Your reply is to be the lines below, exactly as written, with images omitted.

Recorded data Block Start

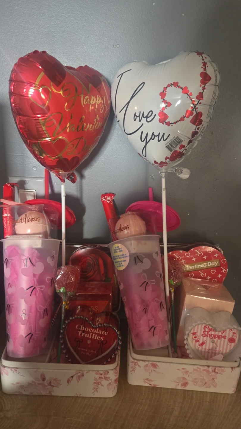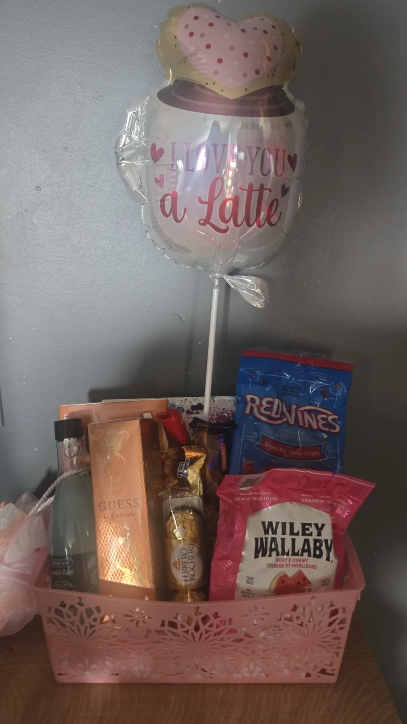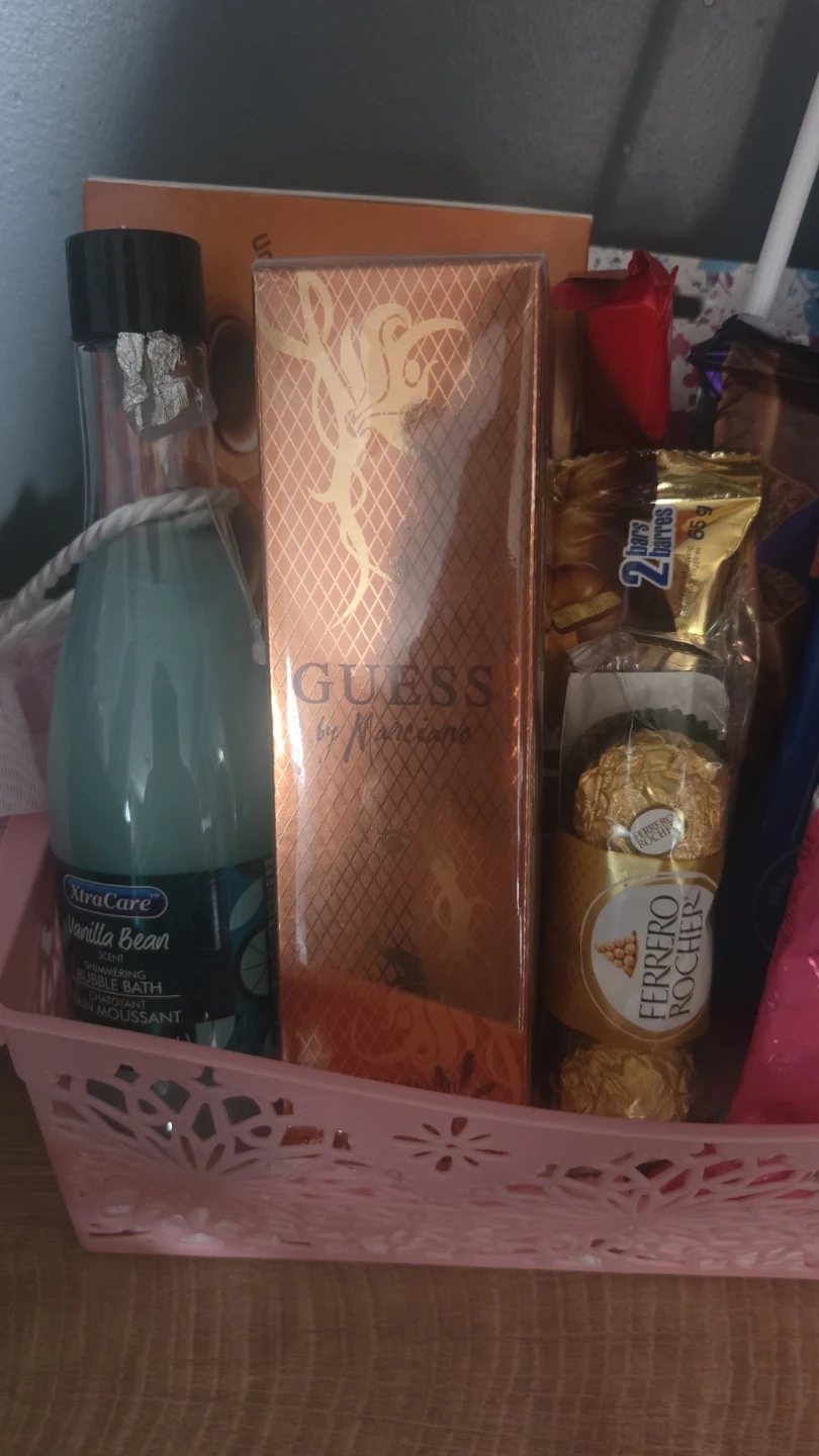 Guess Valentines Day Baskets. Comes with Guess Perfume, chocolate, colour changing bow/cherry cup, gummy rose, bathbomb. Packaged and ready to go!! $70 4 available
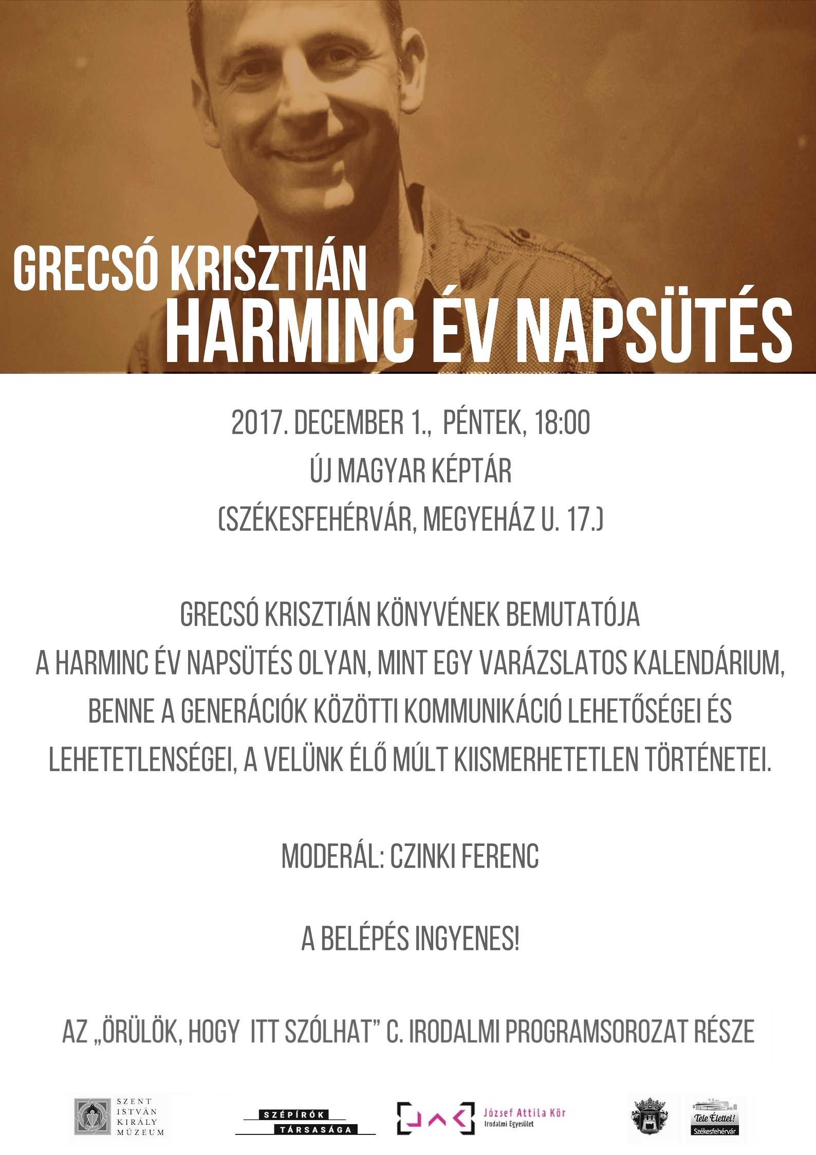 December 1-jén, pénteken 18 órakor Grecsó Krisztián legújabb kötetét, a Harminc év napsütést mutatják be az Új Magyar képtárban. A történetek személyes emlékeket idéznek föl, ismeretlenül is ismerősnek tűnnek Juszti mamával, a faluval, a nagyvárossal, és a generációk komikus és egyben drámai kalendáriumát adják. Ahogy egy kritikában olvasóható: „Grecsóban az a jó, hogy együtt öregszik velünk és megírja helyettünk az életünk fontos pillanatait.” A rendezvény moderátora Czinki Ferenc író lesz.
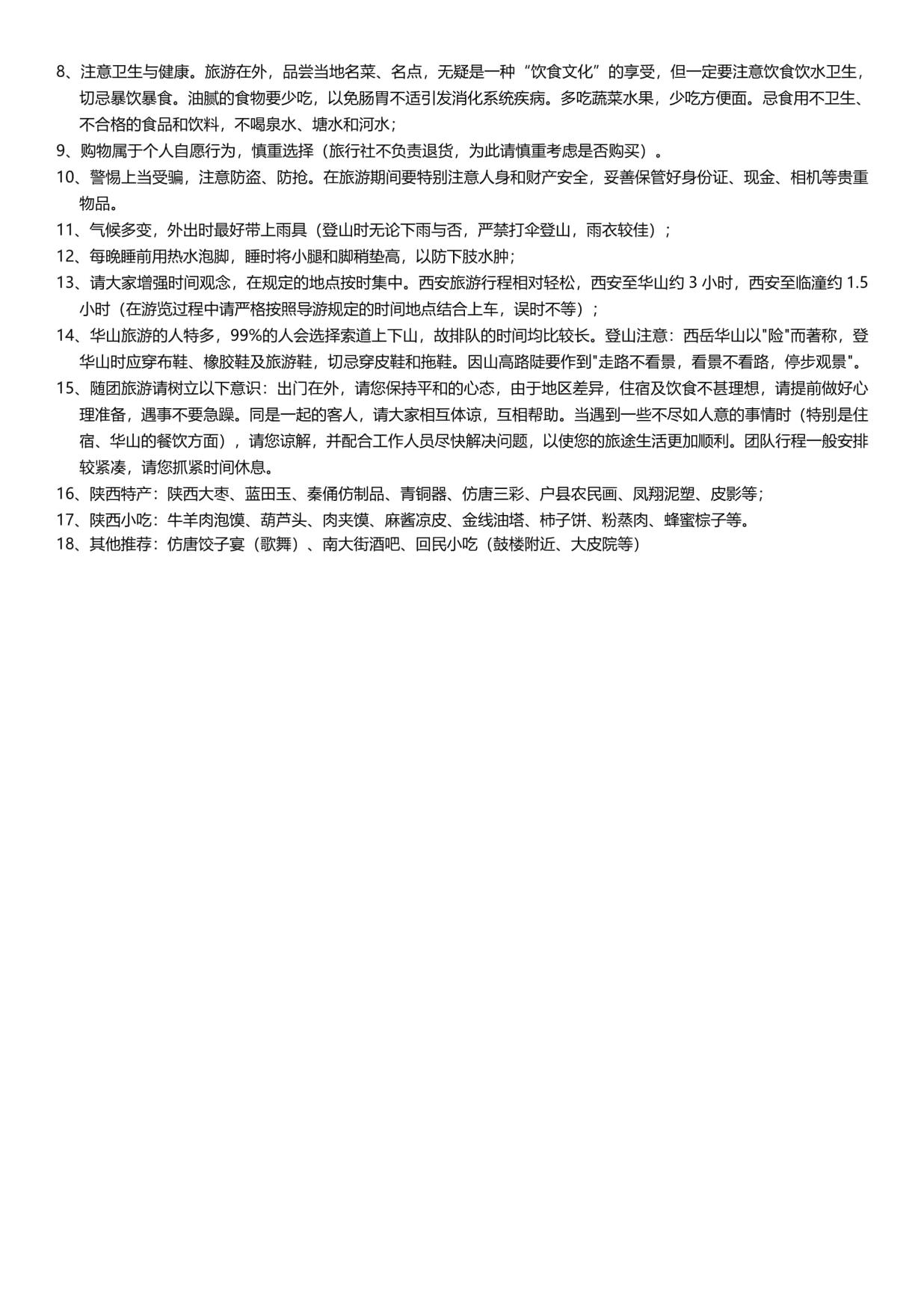 15、隨團旅遊請樹(shù)立(lì)以下意識:出門(mén)在外,請您保持平和的心態,由(yóu)於地區差異,住宿及飲食(shí)不甚理(lǐ)想,請提前做好(hǎo)心理準備,遇事不要急躁。同是一起的客人(rén),請大家相互體諒,互相幫助。當遇到一些不(bú)盡如人意的(de)事情時(特別(bié)是住宿、華山的餐飲方麵),請您諒解(jiě),並配合工作人員盡(jìn)快解決(jué)問題,以(yǐ)使您的(de)旅途生活(huó)更加順(shùn)利(lì)。團隊行程一(yī)般安排較緊湊,請您抓緊時間休息。

Recorded data Block End

• _Answer box_:
 Guess Valentines Day Baskets. Comes with Guess Perfume, chocolate, colour changing bow/cherry cup, gummy rose, bathbomb. Packaged and ready to go!! $70 4 available
 December 1-jén, pénteken 18 órakor Grecsó Krisztián legújabb kötetét, a Harminc év napsütést mutatják be az Új Magyar képtárban. A történetek személyes emlékeket idéznek föl, ismeretlenül is ismerősnek tűnnek Juszti mamával, a faluval, a nagyvárossal, és a generációk komikus és egyben drámai kalendáriumát adják. Ahogy egy kritikában olvasóható: „Grecsóban az a jó, hogy együtt öregszik velünk és megírja helyettünk az életünk fontos pillanatait.” A rendezvény moderátora Czinki Ferenc író lesz.
 15、隨團旅遊請樹(shù)立(lì)以下意識:出門(mén)在外,請您保持平和的心態,由(yóu)於地區差異,住宿及飲食(shí)不甚理(lǐ)想,請提前做好(hǎo)心理準備,遇事不要急躁。同是一起的客人(rén),請大家相互體諒,互相幫助。當遇到一些不(bú)盡如人意的(de)事情時(特別(bié)是住宿、華山的餐飲方麵),請您諒解(jiě),並配合工作人員盡(jìn)快解決(jué)問題,以(yǐ)使您的(de)旅途生活(huó)更加順(shùn)利(lì)。團隊行程一(yī)般安排較緊湊,請您抓緊時間休息。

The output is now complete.